Доход помещиков от продажи земли, 1863–1914 {113}
(Годы …… Доход от продажи земли, млн. руб.)
1863–1872 …… 122
1873–1882 …… 217
1883–1892 …… 302
1893–1902 …… 598
1903–1905 …… 175
1906–1914 …… 1597
Всего …… 3011
Примечание: Рассчитано по данным о чистом уменьшении площади дворянских земель в 45 губерниях, за вычетом трех прибалтийских, Архангельской и Астраханской губерний.
За период 1863–1892 гг. дворяне получили в виде выкупной ссуды за землю, нарезанную их бывшим крепостным, сумму, равную 85–90 % того, что они выручили за те же годы от продажи земли. Правительственные выплаты покрывали 80 % стоимости выделенной крестьянам земли. В некоторых случаях помещики получали от своих бывших крепостных дополнительные платежи, по крайней мере частично покрывавшие оставшиеся 20 %. При выплате компенсационных платежей дворянству правительство учитывало накопившуюся до освобождения задолженность дворян по закладным. Итоговая сумма выплачивалась особыми банковскими билетами, свободно обмениваемыми по номинальной цене государственными кредитными учреждениями, а также неименными выкупными свидетельствами, которые не могли быть обменены на деньги. Каждый помещик получил банковские билеты на сумму, равную: 100 % первой 1000 рублей, которые государство было должно ему; 20 % от следующих 9000 рублей; 10 % от следующих 40 000 рублей; и 5 % от любой суммы, превышающей 40 000 рублей. Остальную часть долга государство покрывало выкупными свидетельствами. Как банковские билеты, так и выкупные свидетельства приносили 5 % годового дохода. В течение 15 лет выкупные свидетельства подлежали по серийному обмену на дополнительные выпуски банковских билетов.
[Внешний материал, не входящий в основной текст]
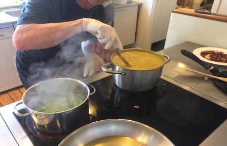 Måltiderne er en del af fællesskabet på Glim Refugium. Normalt spiser vi sammen, men der er også mulighed for at tilberede sin egen mad i sin egen bolig. Erfaringen viser imidlertid, at vi alle nyder godt af fællesskabet ved måltidet. Det giver oplevelsen af, at vi hører sammen og det fører ofte til, at vi også bruger tid sammen på andre ting end at spise. På denne måde kommer der et meningsfuldt indhold i dagligdagen, og man styrker og udvikler sider af sig selv, som man måske ikke var klar over, at man havde.
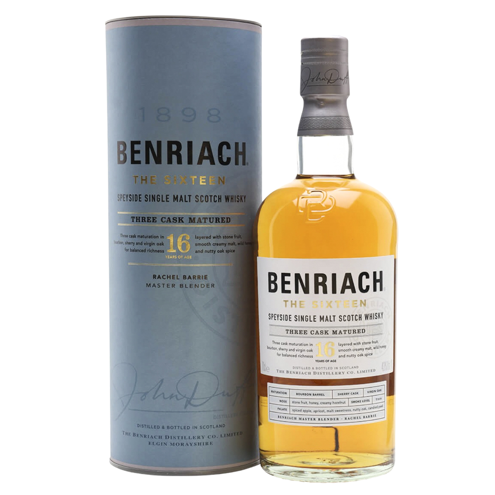 Bogat i složen 16-godišnji single malt iz Benriacha, The Sixteen sazrijevao je u kombinaciji ex-bourbona, ex-sherry-a i novih hrastovih bačvi. Arome meda, kremastih lješnjaka, pečenih jabuka, đumbira i marelica ispunjavaju nos, upotpunjene notama medenog slada, pržene hrastovine, koštuničavog voća, jabuka pečenih s cimetom i pramenovima dima kroz nepce.
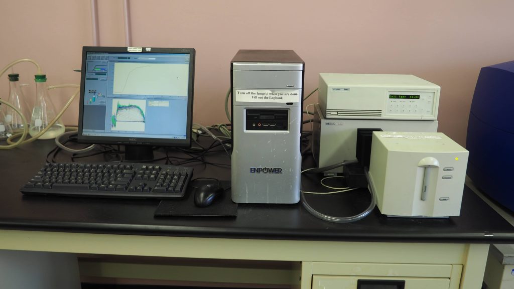 The HP UV-Vis is a standard spectrophotometer capable of single-read and kinetic measurements. The system is also equipped with an onboard Peltier Temperature Controller that allows for samples to be maintained at single temperatures, or read through series of temperatures (such as nucleic acid melting experiments). A basic set of cuvettes are provided for users, though certain samples may require researchers to provide their own.
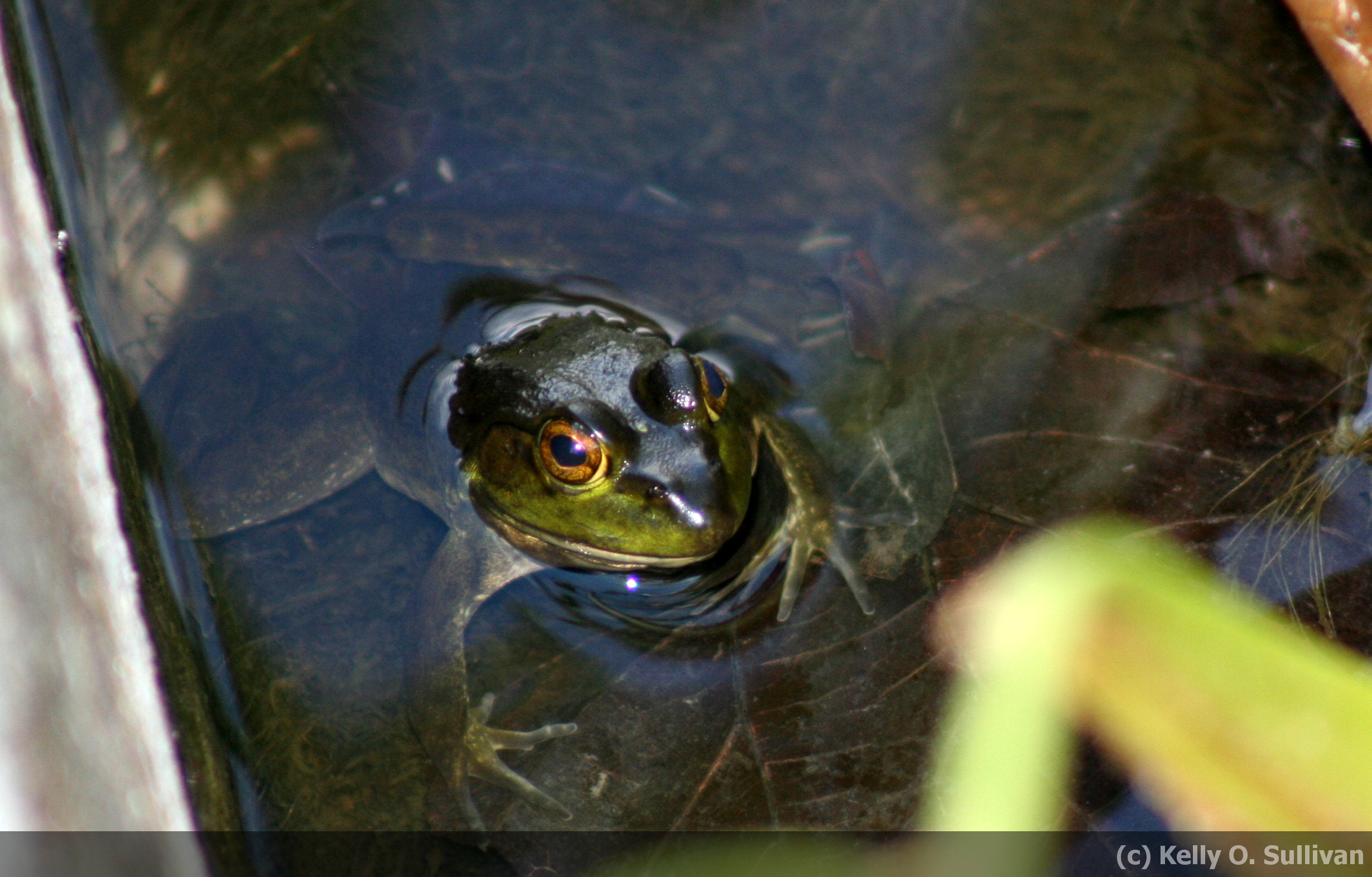 All this time I thought that Eyeballs was hiding – [UPDATE August 11, 2012 – Turns out this is NOT Eyeballs! This is a fourth frog newly named “Uptown Frog” – see the August 11 entry for more information]. However, it’s not like I thought! While Brave Frog and Cave Frog hang out mostly by the pond edge (or in the lilypads!) it appears Eyeballs is a bit more adventurous. I spotted him tucked between a plant and a boulder upstream of the bridge! He’s still skittish, but with patience and stealth I got a good photo of his cute little face.
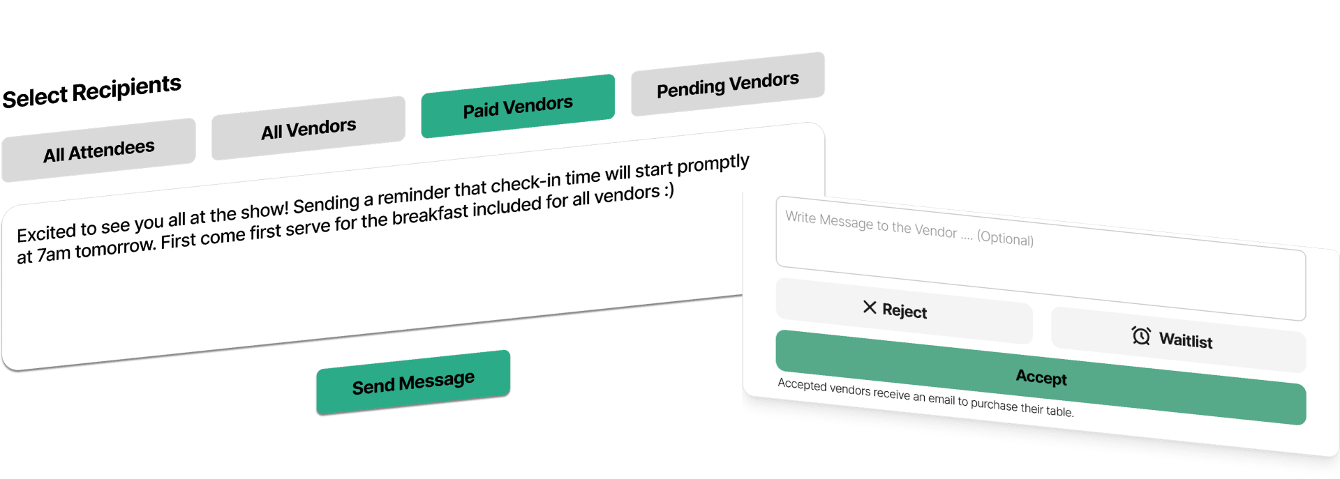 Notify your attendees and filtered groups of vendors about event updates, directions, and important information for the day of your event
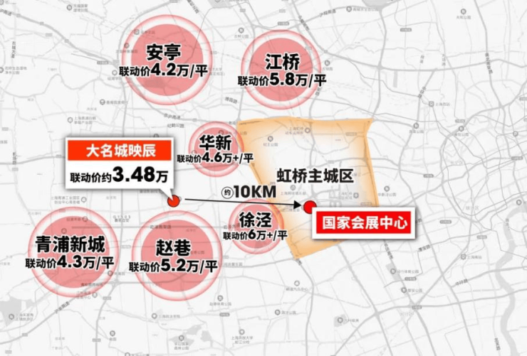 而项目联动价只有约3.48万/㎡,入手门槛远远低于周边板块,如果预算相对有限,但工作在虹桥商务区,或者想有便捷自驾条件,那项目非常适合。
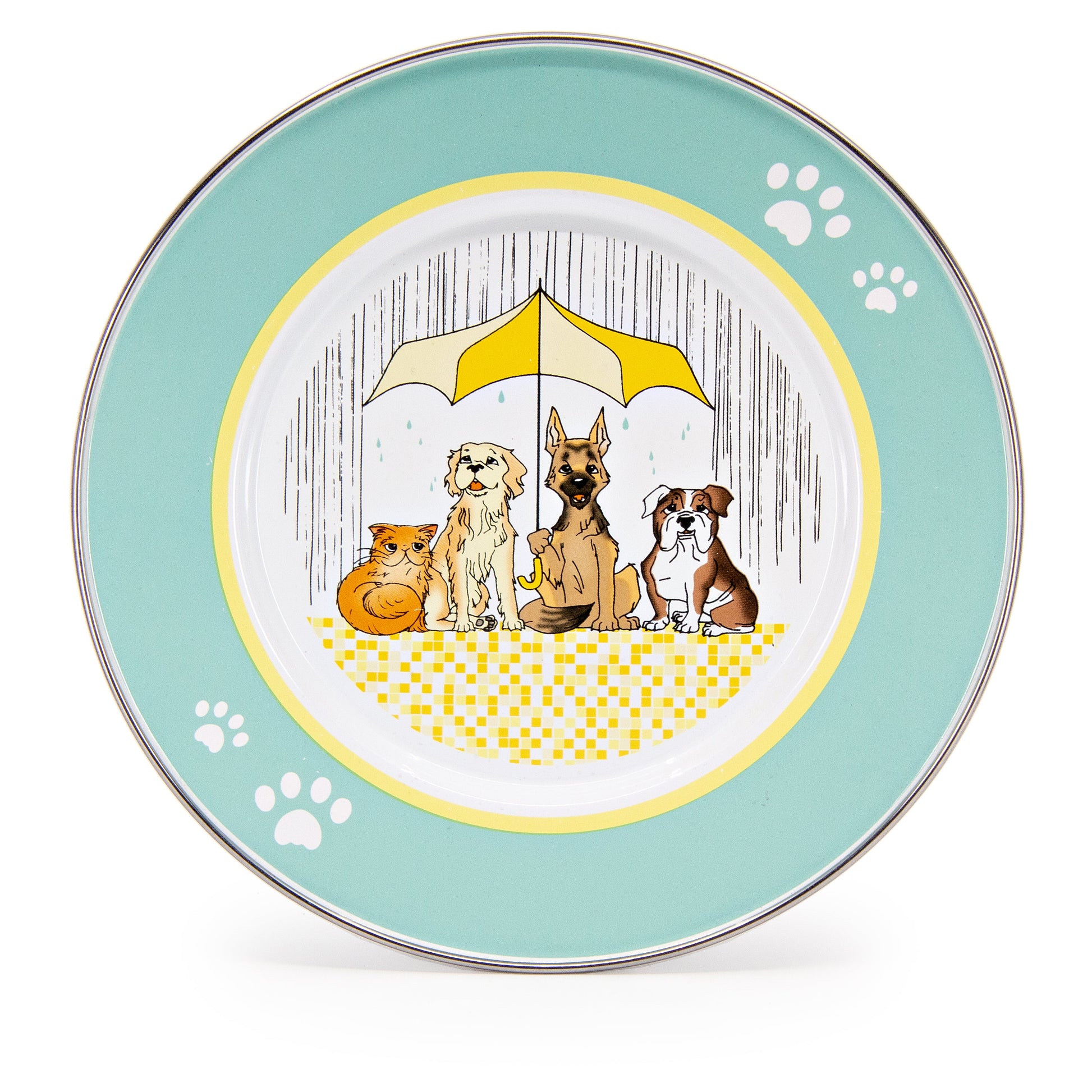 Let the fun rain down at the dinner table with this set of four "Raining Cats and Dogs" plates. With cute, hand-painted illustrations of playful pets in a gentle downpour, these enamel plates are perfect for animal lovers. Durable and whimsical, they add a touch of joy to any meal.
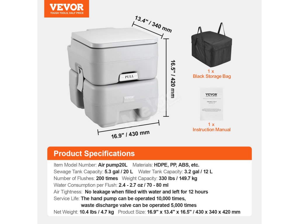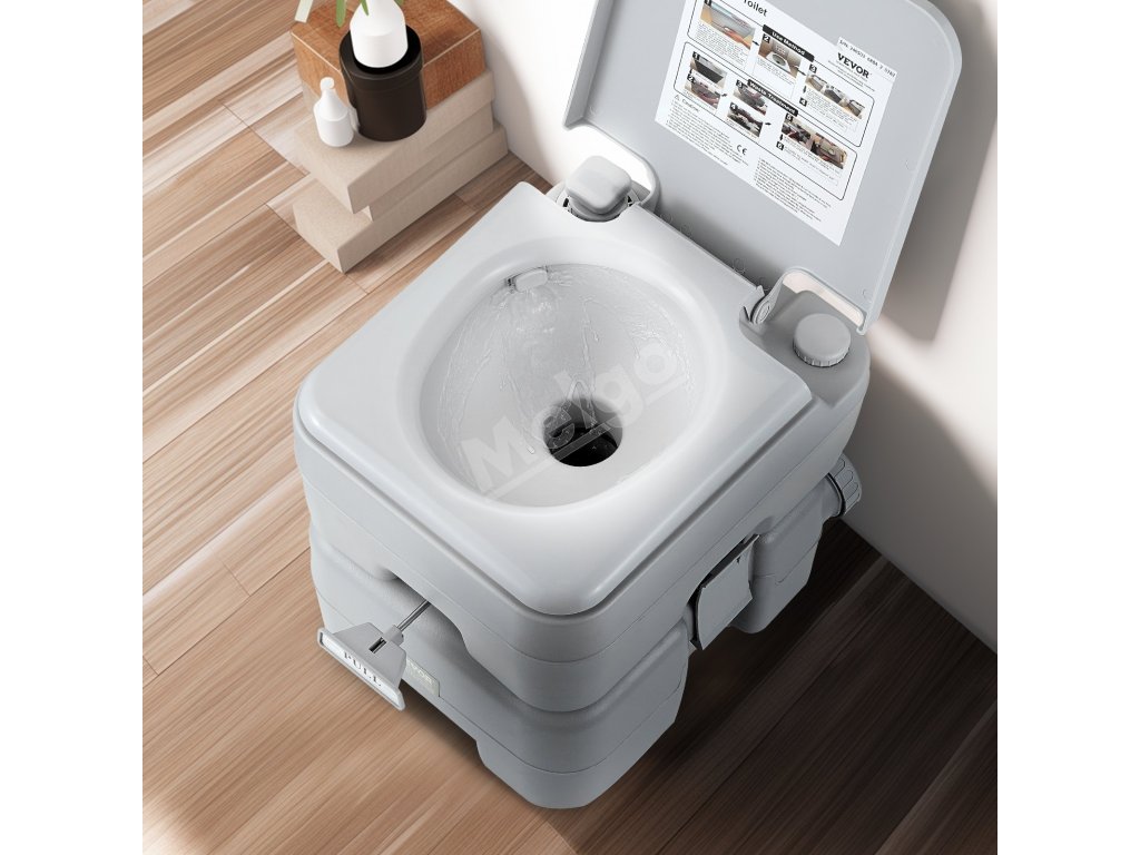 Prenosná toaleta má veľkú kapacitu odpadovej nádrže 5,3 gal / 20 l s funkciou splachovania, ideálna na cestovanie na dlhé vzdialenosti, vhodná na použitie v karavanoch, lodiach, nákladných vozidlách, pri kempovaní v prírode, na cestách atď.

Сами билеты планировалось погасить в течение 49 лет. С каждым пятилетием помещики, заключившие выкупные сделки со своими бывшими крепостными, в меньшей степени оказывались в долгу перед государством, и у них было больше шансов удержать свои выкупные свидетельства до срока обмена их на билеты, а не продавать их со скидкой (см. табл. 13). Если предположить, что выкупная сумма государства не более чем на 90 % выплачивалась выкупными свидетельствами и что хотя бы половину этих свидетельств дворяне сохраняли до тех пор, когда государство произвело их обмен на банковские билеты, мы увидим, что дворянство получило от государства и от скупщиков непогашенных выкупных свидетельств по крайней мере 525 млн. рублей — и это помимо дополнительных платежей от самого крестьянства.
Таблица 13.
Выкупная сумма, выплаченная государством бывшим владельцам крепостных, 1862–1891 {115}
Примечание: Если бы только лишь 10 процентов бывших крепостных внесли дополнительные платежи за землю в счет не возмещенной государством стоимости земли (222,5 млн. рублей), помещики получили бы дополнительно 22 млн. рублей. Из-за округления сумма цифр в колонке 1 равна 891.
Ипотечная задолженность
Прежде чем заняться вопросом о том, как дворянство распорядилось капиталами, доставшимися ему от продажи или экспроприации его земель, необходимо рассмотреть положение с ипотечной задолженностью. Если, как принято считать, причиной продажи земель дворянством были обычно его безнадежные долги, тогда большая часть доходов от продажи земли должна была бы пойти на их погашение. Но, как мы сейчас увидим, положение было совсем иным.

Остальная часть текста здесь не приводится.